GitHub - rayzhao27/BERT4Rec-Sequential-Recommendation-System: BERT4Rec sequential recommendation system built from scratch in PyTorch. HR@10 = 0.2901, NDCG@10 = 0.1624 — exceeds original paper benchmarks on MovieLens 1M.

Coming Soon: A self-built LLM-powered ML training agent designed to automate hyperparameter search across general machine learning workflows — runs smoke tests automatically, feeds results to an LLM, and recommends the next parameters to try. Used to optimize this model. Release expected in the next few weeks — star this repo to get notified!

About The Project

BERT4Rec Sequential Recommendation System

This is a production-ready implementation of BERT4Rec (Sun et al., 2019) built from scratch in PyTorch with 5.1M parameters, trained on the MovieLens 1M dataset, and served via a FastAPI inference service.

Traditional recommendation systems rely on hand-crafted features or simple collaborative filtering. BERT4Rec treats a user's interaction history as a sequence and applies bidirectional self-attention — allowing the model to understand context from both past and future interactions when predicting the next item.

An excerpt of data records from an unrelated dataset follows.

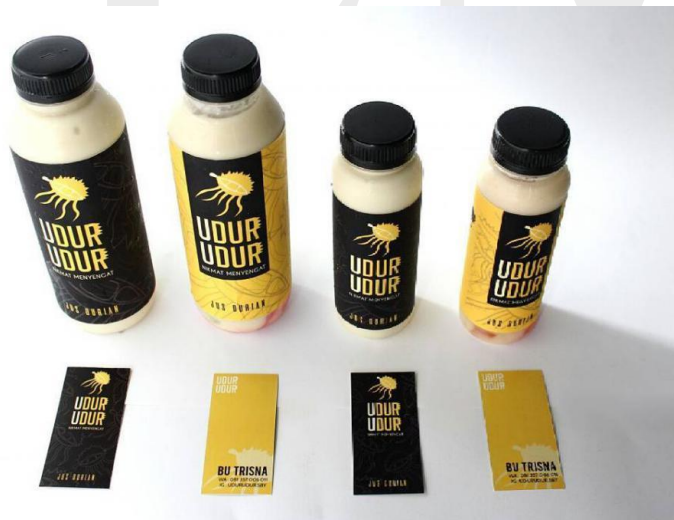
Picture 1 Udur-Udur Omah Duren Surabaya
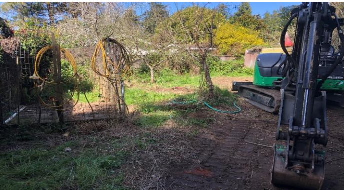
Removing debris from inside wired enclosure with mini
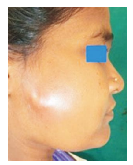
Figure 3. Second visit revealing reinfection of the swelling.
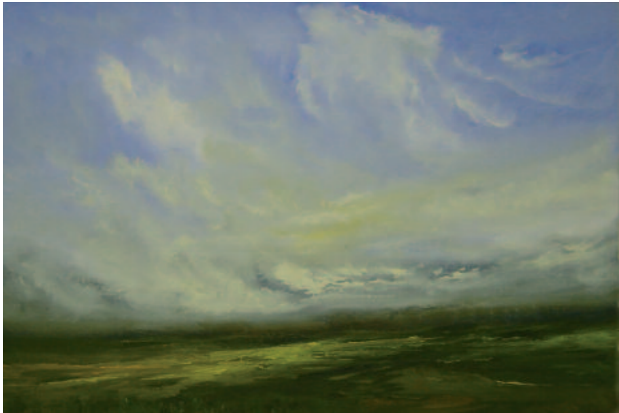
Summer Skies (Rannoch Moor) , 2006, oil on linen, 4 x 6 ft (122 x 183 cm)
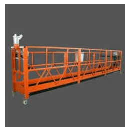
4 Feet Mild Steel Suspended Working
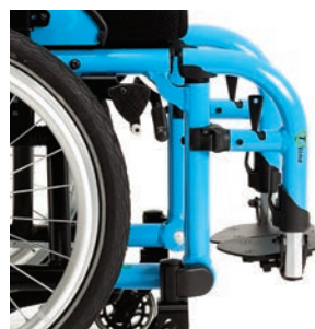
BA6 footrests, shortened by 5cm
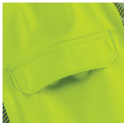
SAFETY Hidden access for harness straps.
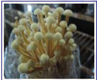
Fig. 8. Crop ready to harvest
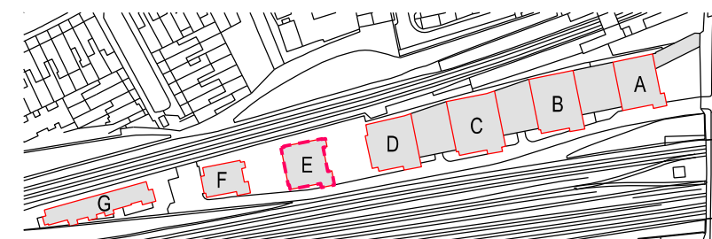
West Hampstead Square - Key Plan
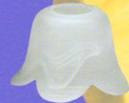
101-D H: 11, ø: 13
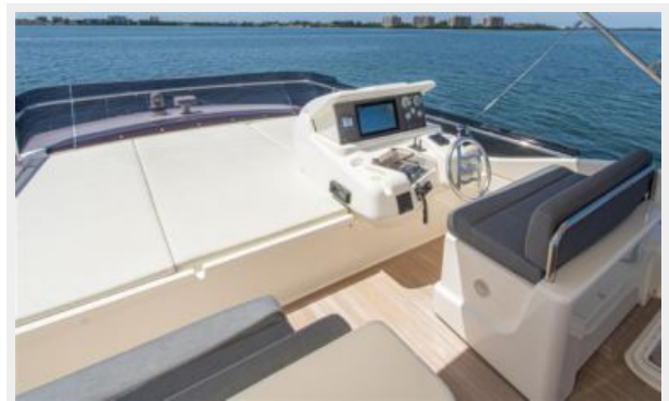
Flybridge Helm and Sun Pad
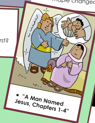
• "A Man Named Jesus, Chapters 1-4"
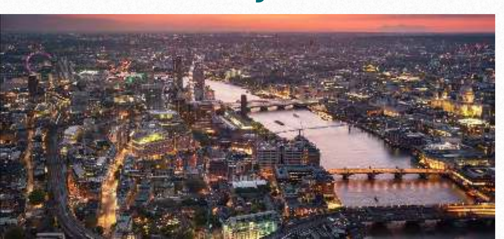
a city is a large urban area where lots of people live close to each other. there are often lots of shops and services in a city
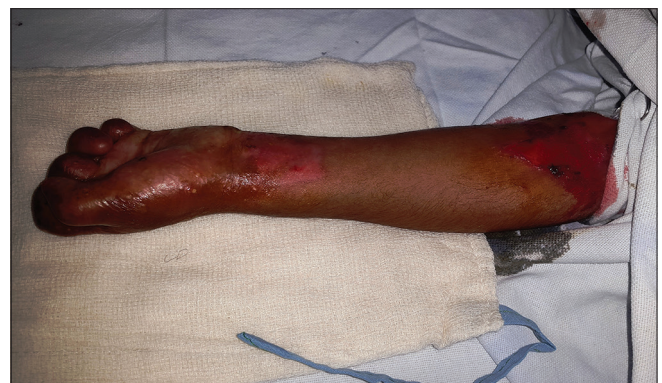
Figure 2a: Intraoperative image showing mitten-like deformity of the left hand
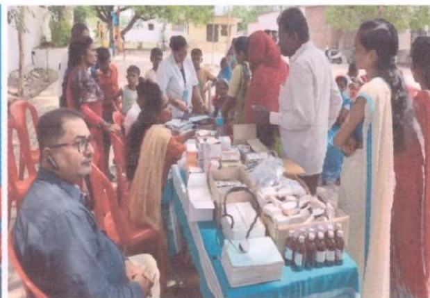
Free Health Checkup Camp
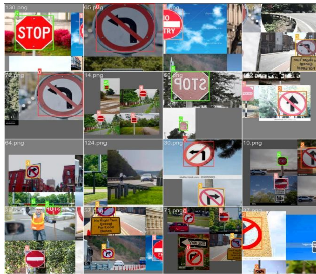
Fig. 2. Annotated Images for different traffic signs

After collecting all the desired images of traffic signs and performing data augmentation, which resulted in around 2500 images, it was necessary to manually label every relevant traffic sign in each of them. Fig. 2. shows an example of the annotated images containing different traffic signs of interest is shown.
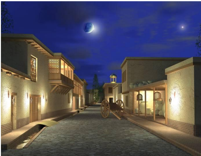
Figure 4. Project proposals for the rehabilitation of facilities located on the street. Zarkaynar Tashkent

To participate in the program were involved in architects, historians, urban planners and archaeologists, members of research institutes, professors and graduate students of Architecture and Construction Institute. The program has been developed the basic concept for the rehabilitation and preservation of the Old City, and the basic directions of activity and developed drafts project proposals according to the areas, including the streets Zarkaynar and Gulbozor. Buildings of historical streets of residential buildings takes into account the nature of the environment, for these reasons, residential homes project proposals are designed to preserve the historical site appearance using traditional planning and decorating elements in houses not exceeding 2 floors, with the use of modern materials and advanced engineering, transport and social infrastructure. Here is just a program for the phased move of indigenous people in the finished house has been offered.
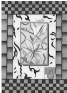
NB 8, 2022 Acrylic and ink on paper, framed, 40.5 x 29.5 cm
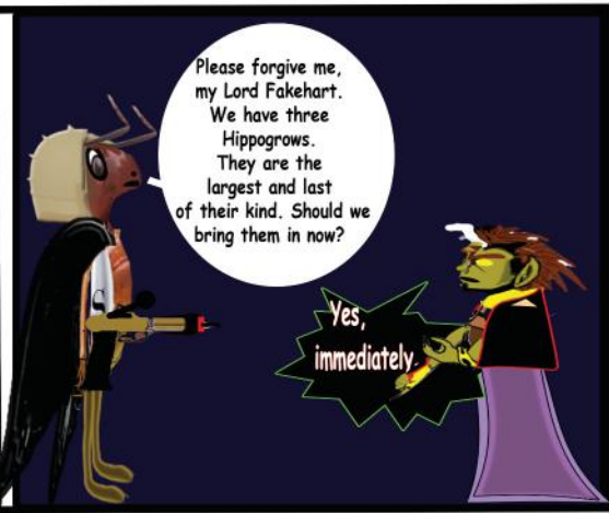
The guard saw the large Hippogrows, volcano scientists, working. They told them Lord Fakehart wanted to reward them and they should follow them to his chambers.
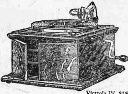
Victrola IV, $25 Oak

Results: HR@10 = 0.2901 · NDCG@10 = 0.1624 , exceeds the original paper benchmarks (HR@10 = 0.2685, NDCG@10 = 0.1564)

Core Features:

Bidirectional Transformer — full self-attention over the entire interaction sequence, no causal mask
BERT-style Masking — random 20% of items masked during training using the 80/10/10 rule
Leave-one-out Evaluation — standard sequential recommendation protocol with HR@K, NDCG@K, MRR@K
Production API — FastAPI inference service with Pydantic validation, seen-item filtering, and Swagger UI
LLM-powered Hyperparameter Tuning — self-built agent that automates smoke tests and feeds results back to an LLM for parameter recommendations (standalone release coming soon)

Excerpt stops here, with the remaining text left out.